On the western shore, farmland formed narrow strips with one end reaching down to the river and the other, a third of a league inland, debouching on to the network of roads crisscrossing the region. Without these farms, the Letherii would starve. Yet Bottle was troubled by the dilapidated condition of many of the homesteads, the sagging barns and weed-ringed silos. Not a single stand of trees remained; even the stumps had been pulled from the withered earth. The alder and aspen windbreaks surrounding the farm buildings looked skeletal, not parched but perhaps diseased. Broad fans of topsoil formed muddy islands just beyond drainage channels, making that side of the river treacherous. The rich earth was drifting away.
Better indeed, then, to be facing the eastern shoreline, desolate as it was.

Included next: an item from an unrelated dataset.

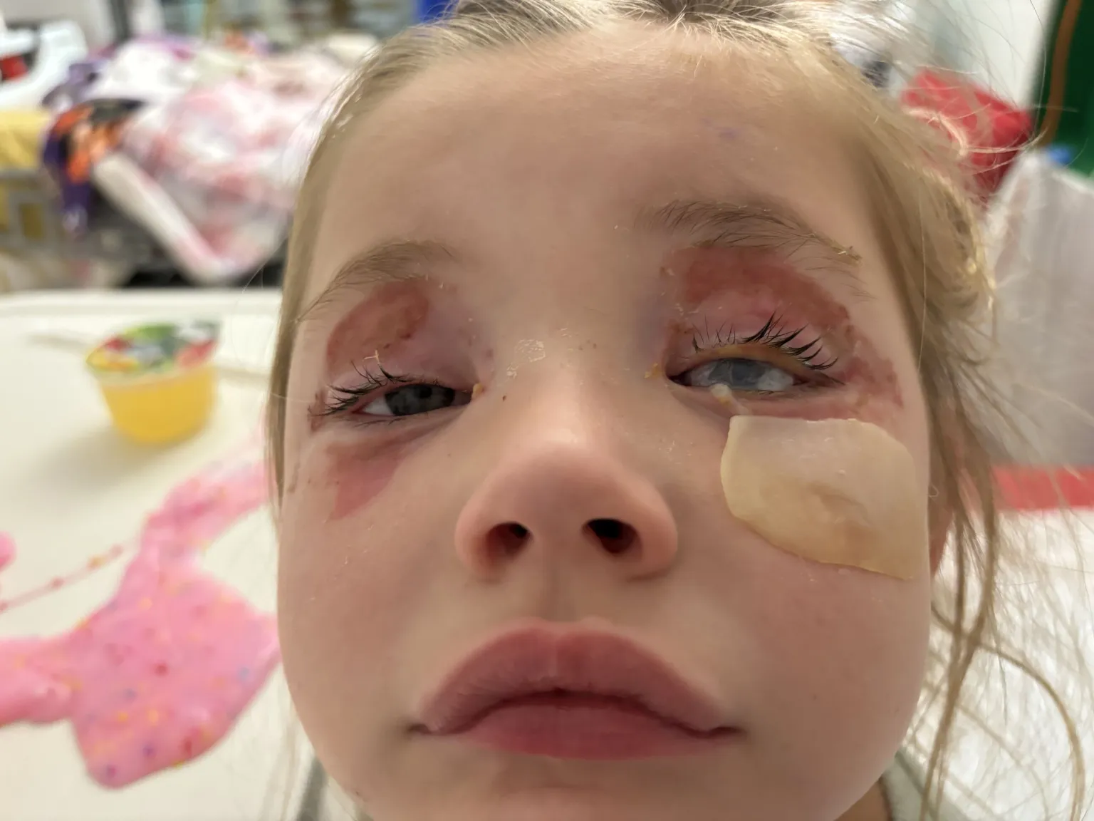 Photos taken during her recovery showed Luca’s eyes red and swollen, with irritation appearing a few days after contact with the detergent.

Some soldier had been making the circuit, pacing the barge as if it was a cage, and he’d heard the footsteps pass behind him twice since he’d first settled at the railing. This time, those boots came opposite him, hesitated, and then clumped closer.
A midnight-skinned woman arrived on his left, setting hands down on the rail.
Bottle searched frantically for her name, gave up and sighed. ‘You’re one of those Badan Gruk thought drowned, right?’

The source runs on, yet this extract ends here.